7 Conclusion and policy implication

Workers across the globe play a vital role in sustaining the world’s food supply, with many depending on earnings from their labour to meet their own nutritional needs. Nonetheless, these individuals, who are integral to the food system from source to plate, often grapple with substandard working conditions. However, researchers have not yet examined the effect of PE conditions on food insecurity. Our study adds to the existing works by examining the link between PE and food insecurity using panel data from Ghana, called the Annual Household Income and Expenditure Survey. Our measurement of food insecurity primarily relies on the Rasch model, although we also employ the MPI, principal component analysis, and an additive approach for the Food Insecurity Experience Scale (FIES). Potential endogeneity related to PE is addressed using neighbourhood precarious employment.

Our findings reveal a significant and positive link between PE and food insecurity. This finding remains consistent across different dimensions of PE and is robust to various approaches employed to address endogeneity and alternative methods employed to capture the food insecurity index. We further find that precarious employment increases food insecurity more among rural female-headed households. Relatively, employment insecurity has the biggest effect in increasing food insecurity followed by lack of rights and protection, income inadequacy, and unsafe or unhealthy work environment. These findings further demonstrate that health shocks and household asset accumulation are important channels through which precarious employment affects food insecurity.

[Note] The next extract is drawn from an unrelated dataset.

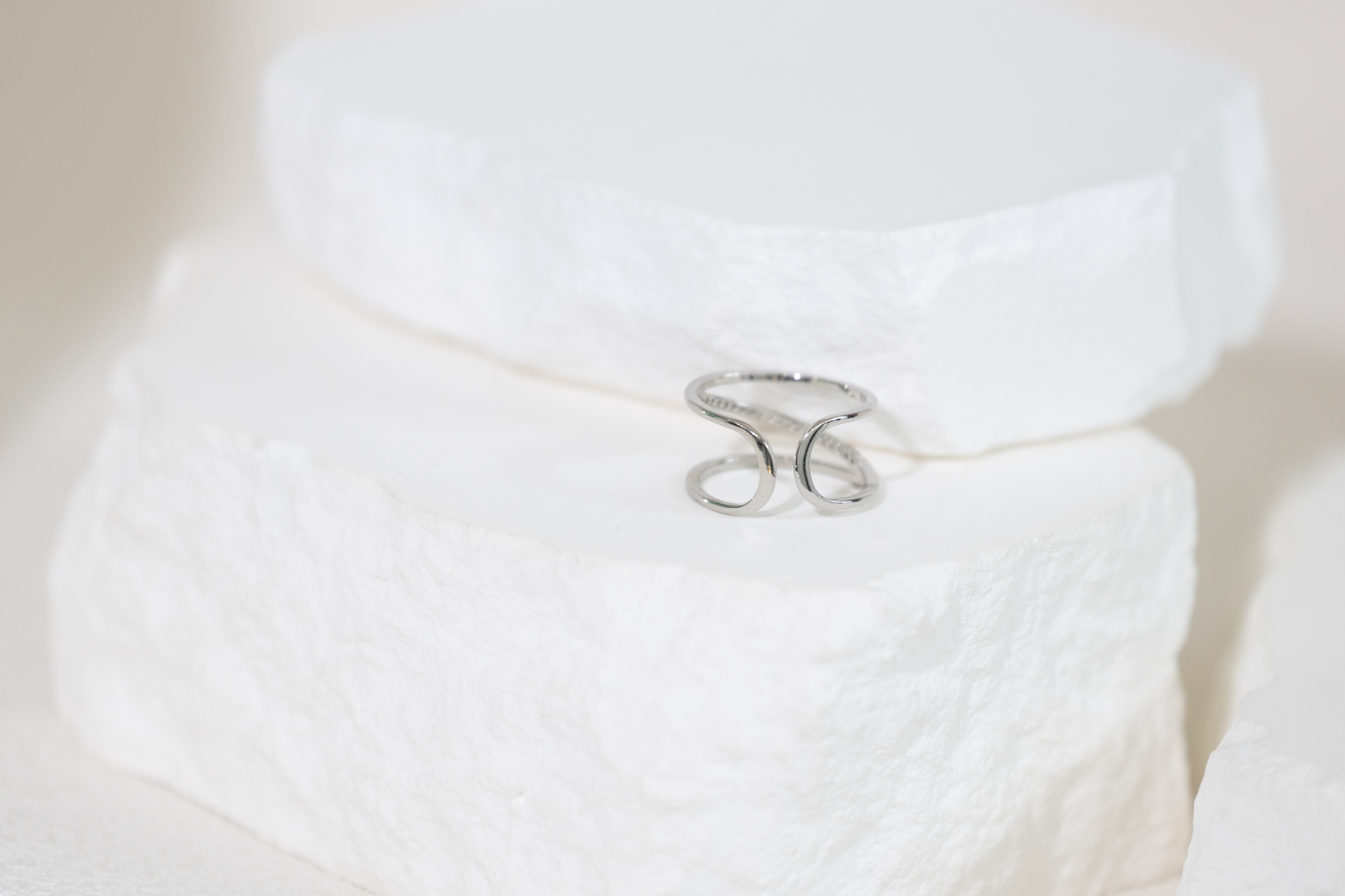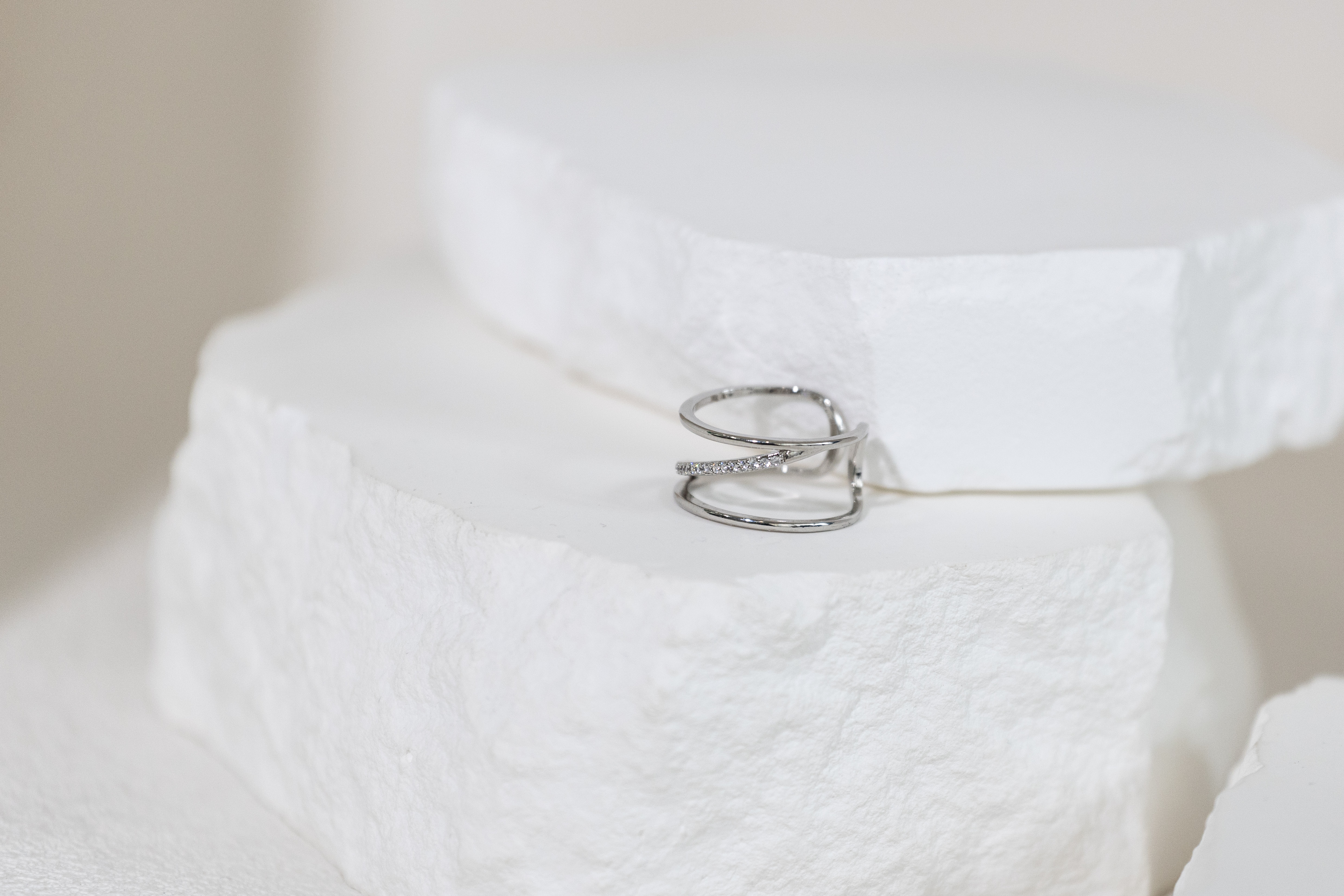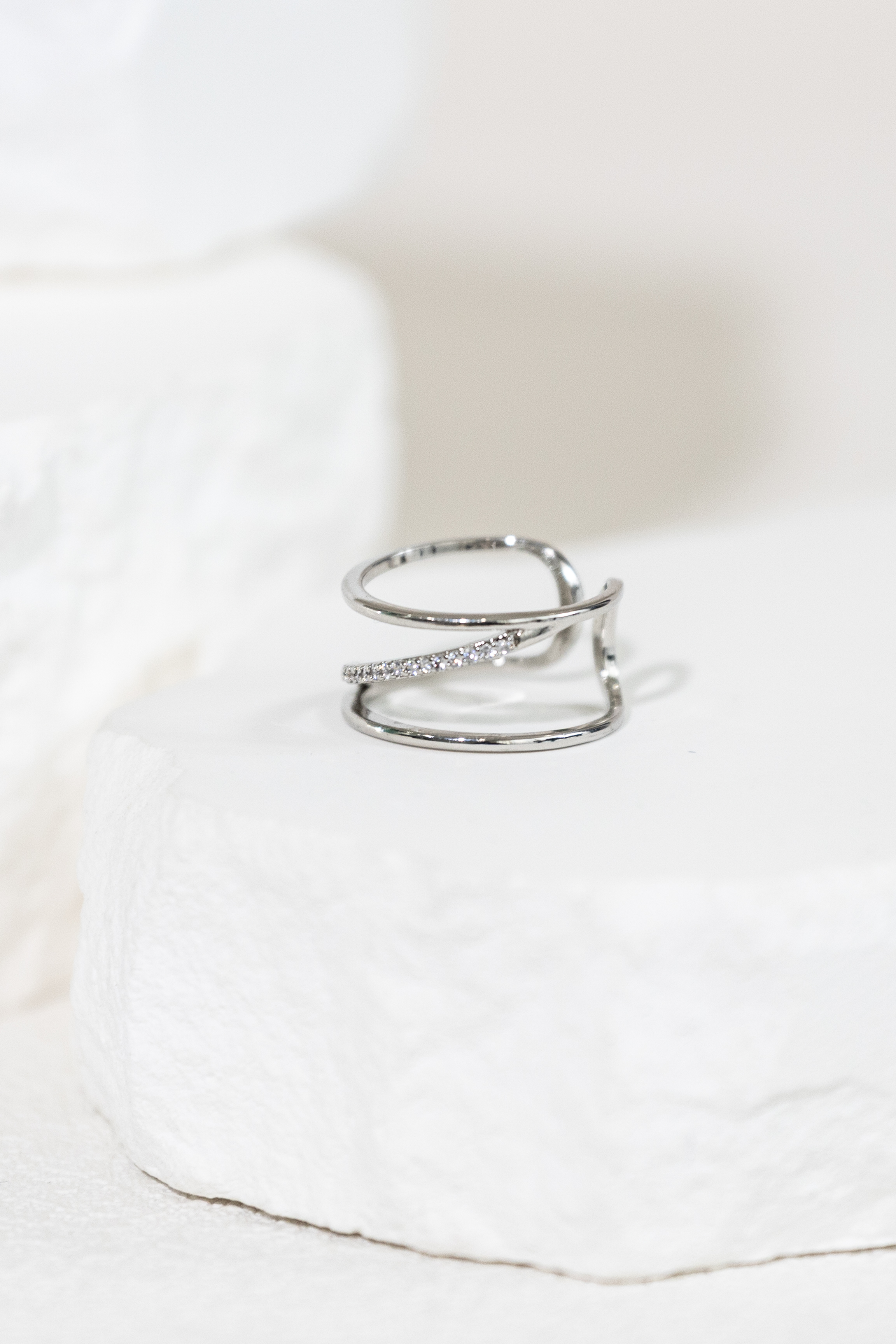 반지 雙層中間斜線多顆小鋯石開口式戒指 / 銀色

These findings accentuate the need for policies aimed at ensuring decent working conditions and removing obstacles that prevent workers from renegotiating their contracts, particularly among vulnerable rural and female-headed households. Such initiatives could significantly boost workers’ earnings and health as well as contribute to achieving the SDGs. Strategies to formalize unstable jobs and guarantee consistent living incomes through regulations on working conditions and social safety nets. This can help buffer the financial impact of economic shocks and ensure households have reliable access to nutritious foods. Directly, these measures contribute to SDG 8, which promotes decent work and economic growth. Indirectly, by reducing PE and thereby food insecurity (SDG 2), we can further support the attainment of SDG 8, ensuring all workers have access to legal and social protections, job security, safe workplaces, and the capacity to voice concerns or negotiate working conditions. Improved working conditions can also contribute to alleviating poverty (SDG 1), reducing inequality (SDG 10), promoting quality education (SDG 4), and advancing good health and wellbeing (SDG 3). Our study resonates with the primary aim of the SDGs, which is to leave no one behind. It highlights the potential of policies that eliminate PE conditions to provide individuals and households with a reliable income source, helping them fulfil their basic needs, access nutritious food, and enhance their overall well-being.

Data limitations meant this study could only assess direct impacts, not other potential channels linking PE to food insecurity. Further research should explore context-specific indirect pathways to broaden understanding of this relationship.